There is still much room for improvement in the reimbursement rate of hospitalization expenses for the migrant population. Future efforts to strengthen protection should: (1) further improve the coordination level of medical insurance to narrow the treatment differences between different regions; (2) encourage migrant populations to enroll locally (in the inflow area) and participate in the Basic Medical Insurance for Urban Employees to increase reimbursement levels; and (3) simplify reimbursement policies, optimize information dissemination channels, and enhance the policy comprehensibility and acceptance to narrow accessibility gaps.

摘要

背景

持续提高住院费用报销的可及性,减轻流动人口的医疗费用负担,是中国医疗保险制度改革的重要目标。现有研究缺乏对流动人口住院费用报销现状的全面分析,对影响报销及公平性的因素探讨不足。本研究旨在识别影响中国流动人口住院费用报销的关键因素,并进一步分析该报销的公平性。

方法

数据来源于2018年中国流动人口动态监测调查。经过数据清理,选取3186名有住院费用支出的个体作为分析样本。首先,采用百分比和卡方检验分析住院费用报销现状(发生率、地点、方式和金额)。其次,应用随机森林算法评估影响住院费用报销因素的重要性。第三,采用回归分析量化关键因素。最后,利用集中指数评估流动人口住院费用报销的公平性以及关键因素对该公平性的贡献。

结果

在报销比例方面,69.83%的流动人口选择报销住院费用,30.17%仍未报销。在报销地点方面,55.69%在户籍所在地报销住院费用,44.31%在流入地报销。在报销方式方面,88.36%选择城乡居民基本医疗保险制度,11.64%使用城镇职工基本医疗保险。流动人口住院总费用均值为3058.7美元,医疗保险报销1213.4美元,个人自付1845.3美元。医疗保险报销比例为39.67%,自付比例为60.33%。随机森林分析结果确定影响报销是否发生的关键因素为:教育程度、健康状况、年龄、收入和当地参保情况。
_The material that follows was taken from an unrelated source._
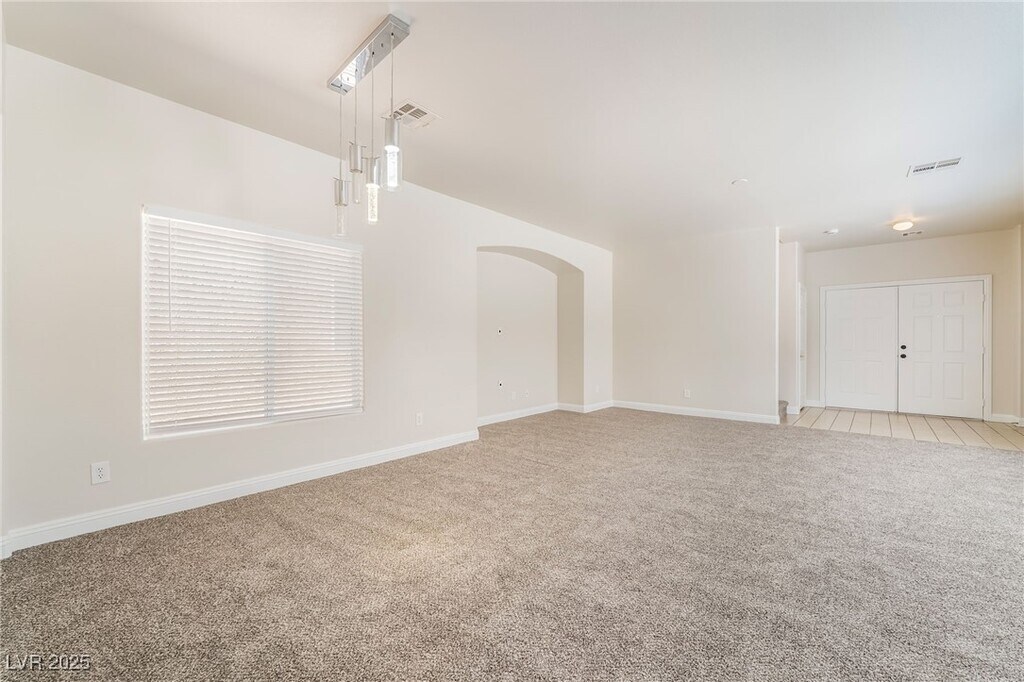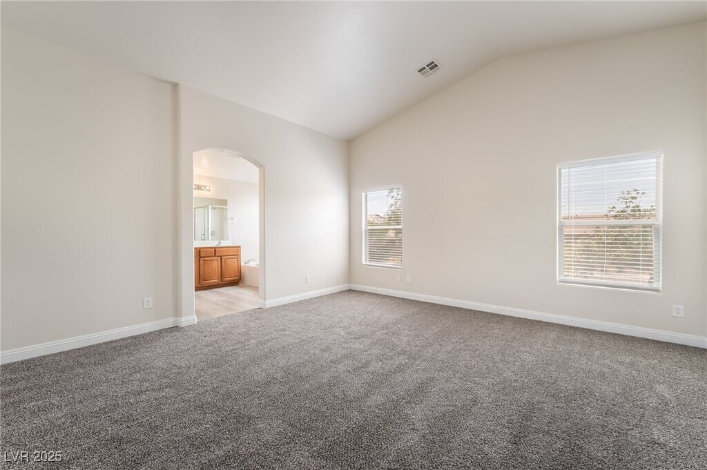 Beautiful home in the gated Arlington Ranch community of Mountains Edge. This 3-bedroom home features a bright and open floor plan with brand new carpet, paint and a long driveway leading to a double-door entry. The spacious kitchen boasts custom cabinets, hard surface countertops, a beautiful backsplash, and all appliances included. Enjoy the large great room filled with natural light, ceiling fans, and window blinds throughout. The generous upstairs loft is perfect for a game room or second living area. The expansive primary suite offers vaulted ceilings, a huge walk-in closet, double sinks, and a main bath with a separate tub and shower. The laundry room includes a convenient wash sink. Low-maintenance desert landscaping with brand new artificial turf. Located near to schools, parks, walking trails, and shopping

影响报销水平的关键因素为:健康状况、保险类型、总医疗支出、疾病状况和流动范围。公平性分析显示,住院费用报销的概率和水平均存在有利于高收入群体的富人受益不公平现象。导致住院费用报销概率不公平的因素,按影响程度降序排列为:教育程度(42.3%)、收入(34.1%)、健康状况(12.4%)、年龄(8.2%)和参保地点(3.0%);导致住院费用报销水平不公平的因素,按影响程度降序排列为:健康状况(58.12%)、流动范围(21.74%)、总医疗支出(9.35%)、医保覆盖类型(9.28%)和疾病(1.51%)。

结论

流动人口住院费用报销率仍有很大提升空间。未来加强保障的努力方向应包括:(1)进一步提高医疗保险统筹层次,缩小不同地区间的待遇差异;(2)鼓励流动人口在当地(流入地)参保并参加城镇职工基本医疗保险,提高报销水平;(3)简化报销政策,优化信息传播渠道,增强政策的可理解性和接受度,缩小可及性差距。